Reflections on the Lectionary Year B Easter 3

Acts 3:12-19
1 John 3:1-7
Luke 24:36b-48


Exegetical comments:

a. The Luke-Acts tradition is, like all the gospels a “making sense” of the Christ event . . . the coming of one who was life and love, who was killed and is now risen, present with those who confess the name.
b. However, the event needs some explanation, some framework to understand, some matrix within which to live.
c. There was great expectation and joy as one came from God, who seemed to make everything right, whom to know was life
d. Then, he was taken away and unjustly and brutally executed ... All the hope, expectation and longing were shattered in the events of a night and a day.
e. But then restoration as the one who was crucified comes to them alive. Death shattered. Hope renewed. A new power, as the presence is now within . . . the Spirit of Jesus no longer an external friend, but an internal presence. [In the Johannine tradition, there is no Pentecost. The risen Jesus breathes on the disciples on the night of resurrection, the Spirit is within from the day of resurrection. In the Lukan tradition, there is a period of waiting and preparation.]
f. In this first flush of astonishing presence and power, it is assumed that the coming reign of God will be soon.
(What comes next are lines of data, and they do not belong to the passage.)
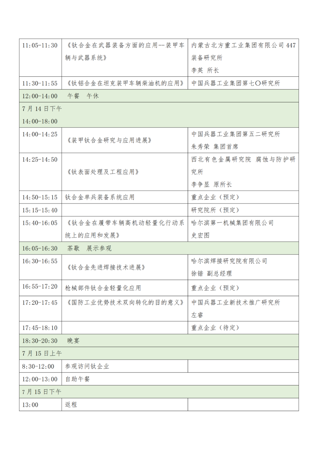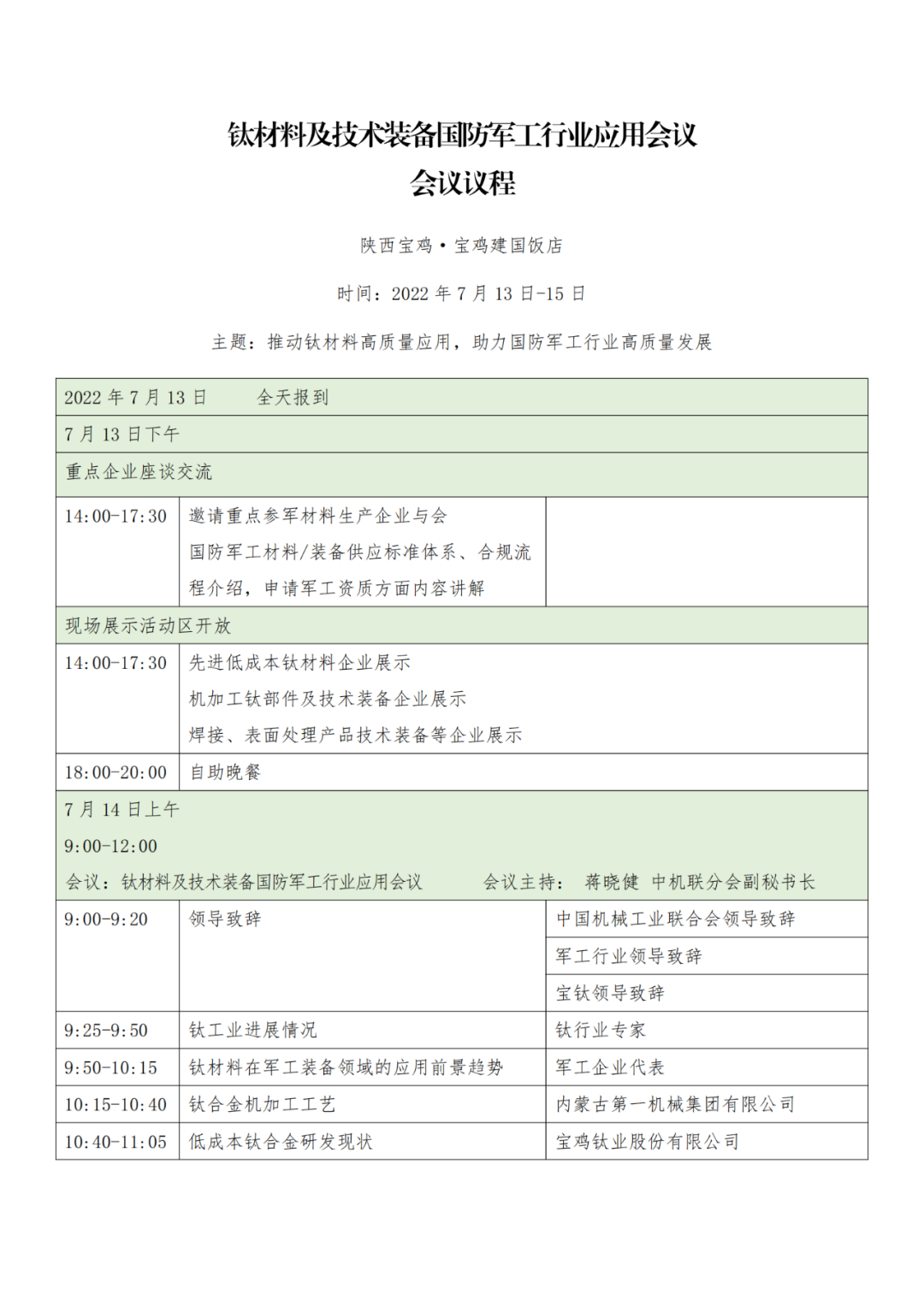 会议安排:1、7月13日 全天报到;下午:国防军工材料、装备供应标准体系、合规流程介绍专题会议;2、7月14日 全天会议;3、7月15日 参访企业、返程(上午:参观访问当地钛企、午餐、下午:返程)
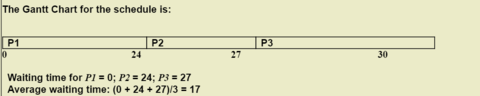 | 5. First-Come, First-Served (FCFS) Scheduling ----------------------------------------------------------- Process | Burst Time ----------------------------------------------------------- P1 | 24 P2 | 3 P3 | 3 ----------------------------------------------------------- Suppose that the processes arrive in the order: P1 , P2 , P3 Calculate average waiting time. | |
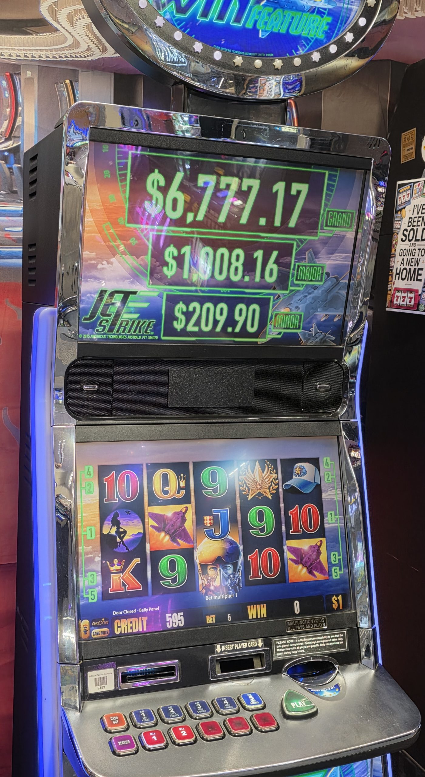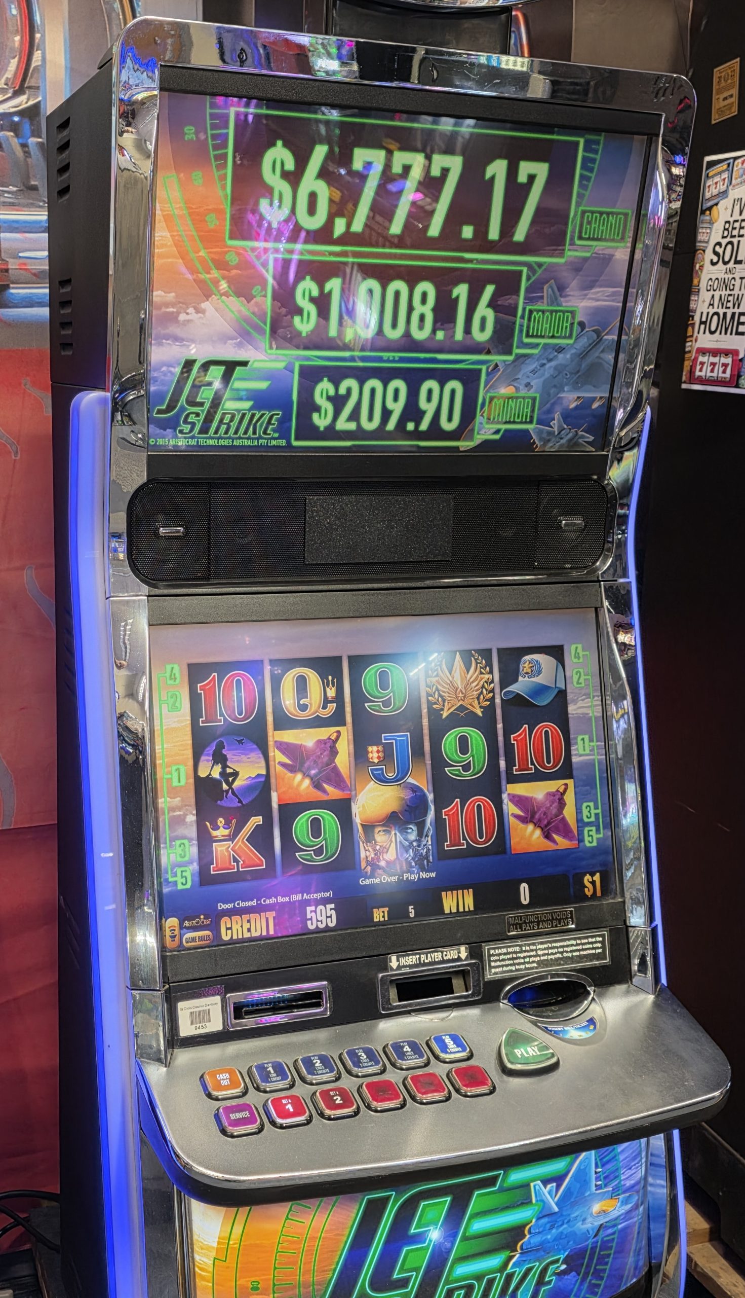 With the pioneering MK7 platform, Aristocrat created a number of VERY popular and sought after games, including this one, Jet Strike. Bring casino‑style fun home with this game! Providing hours of fun, this authentic Aristocrat Jet Strike in the Viridian Widescreen cabinet will sure to be an eye catcher at any home arcade, game room, she-shed or mancave.

If Christ has come in the Spriit of Jesus, then surely the longed-for consummation of all things is near. But no. Time passes and the Messiah does not return. How are we to explain this?
g. In the lectionary today we have two streams of interpretation. In the Lukan stream, in the gospel the explanation is that when the inner empowering happens, it is for the purpose of taking the good news of God’s love in Christ to all the nations. It is implicit, that when this gospel has been heard and received by all that the consummation will come. In the Acts, the mission of Jesus continues in the healing of the lame with sign and symbol that the work continues. This will continue in the name of Jesus until the restoration of all things. This universal restoration is yet future, and Acts leaves us with the job only beginning as the gospel of Jesus is brought to Rome.
h. In the Johannine tradition, emphasis is on inner transformation from sin to life and love, knowing that one day as God’s children we will see God and be like God, though we do not know what that will be like. [There is some difficult to understand parts of John, like “those who have been born of God do not sin. It raises important and difficult questions such as what is sin, what is to be born of God, which we cannot now stay with.]


Reflections:

i. What are we to make of these passages put together in this way today?
j. Common to them all is a looking forward, a message of hope.
i. In Luke, the hope is that all nations will find the forgiveness of God in Jesus through a change of heart and mind.
ii. In Acts, the hope is one of universal restoration when all shall be made well.
iii. In I John, the hope is transformation into the image of God in Jesus.
k. Key words are: forgiveness, restoration and transformation and these are close to the heart of the message of Jesus.
l. We, and the entire world, are in process. The process is toward a fulfilment of goodness and love and justice, when all will be made well.
i. It takes trust to believe such. Trust that in God, all shall be well and that is given to us in the resurrection of Jesus.
ii. This side of death all is not made well. In the world there is so much injustice, suffering, wrong this is not well at the time of death. That is why death is such an enemy. Death seems to rob us of justice. Death seems to end love. Death interrupts goodness.
iii. The gospel of Jesus tells us that there is life through death. Death is part of the process through which life eventually triumphs. [Sitting in the garden in spring, look around you is a sign. Death is swallowed up in life.]
iv. It is sometimes hard to trust. In the midst of aging, illness, failing senses, can we trust that all shall be well? That is the message of Easter.